You can find a live demo for searching and highlighting the text in PDF on product website.

Partially Convert a HTML Page to PDF

The HiQPdf HTML to PDF converter allows you to convert only a selected HTML element from the HTML document. The selected element can be for example a TABLE element or a DIV element containing other HTML elements.

This feature is useful when you want to convert only a part of the HTML document.

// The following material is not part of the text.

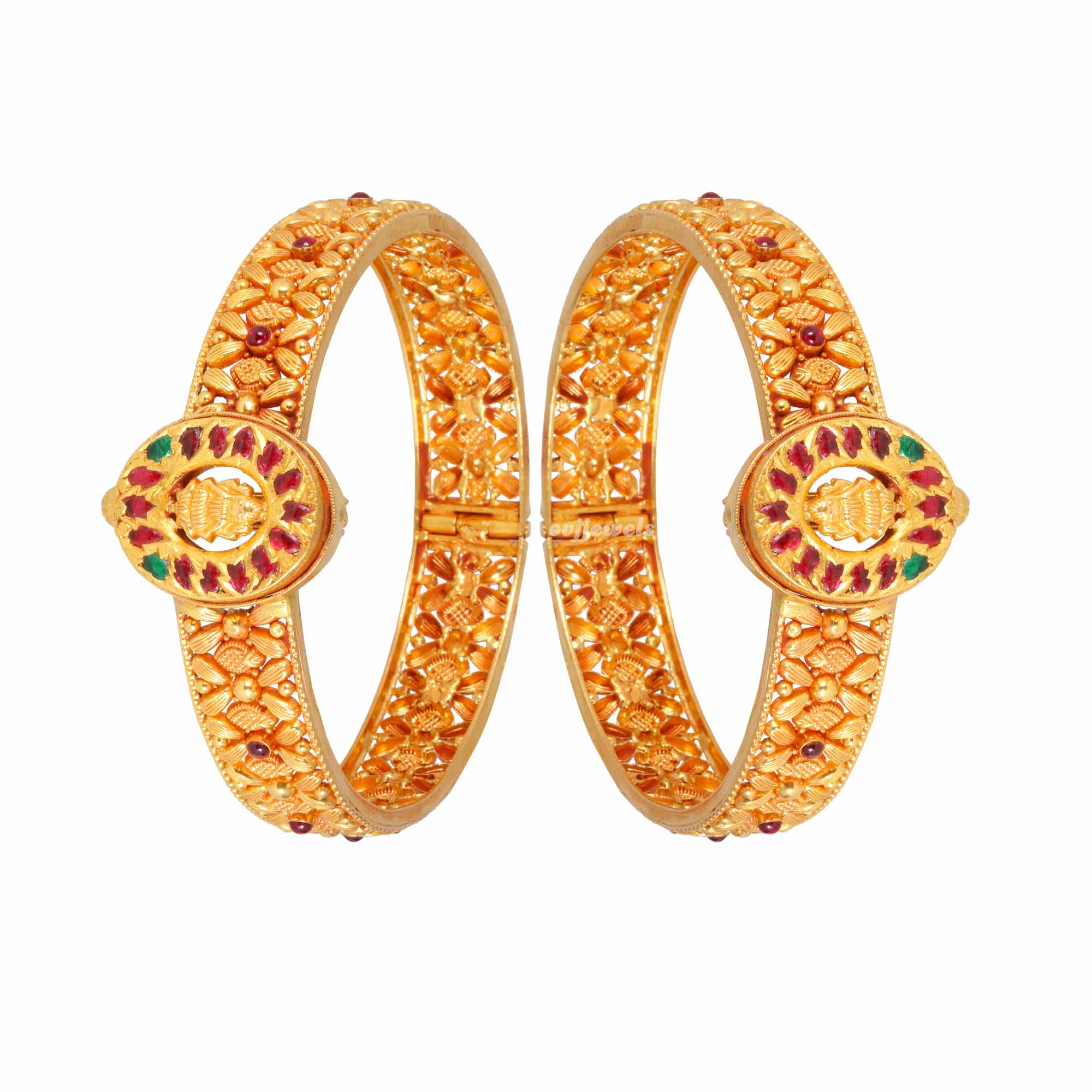 A golden surprise awaits you in the form of this pair of fascinating 22k gold bangles highlighted with vibrant stones work.

For example, a web page usually has a header with menu and logo and a footer with contact information and copyright notice besides the main HTML content you want to convert to PDF. In order to convert only the main content of the document you can place the main content in a block element like a DIV or a TABLE and configure the converter to convert only that block element.

The HTML element to be converted is selected by the ConvertedHtmlElementSelector property. This property can be set with a value representing the CSS selector of the HTML element to be converted. For example, the #MyHtmlElement CSS selector will select the HTML element having the ‘MyHtmlElement‘ ID from document and the the *[class=”ConvertibleElementStyle”] CSS selector will select only the HTML element having the ‘ConvertibleElementStyle‘ CSS class. If many elements in the HTML document are selected by a CSS selector, only the the first one will be converted. The values of the attributes in the CSS selectors are case sensitive. If this property is not set then the whole HTML document is converted.

C# Code Sample for Partially Converting a HTML to PDF

// create the HTML to PDF converter
HtmlToPdf htmlToPdfConverter = new HtmlToPdf();

// convert only the HTML element having the MyHtmlElement ID 
htmlToPdfConverter.ConvertedHtmlElementSelector = "#MyHtmlElement";

You can test this feature live in Convert Only a Selected Region of HTML Page demo.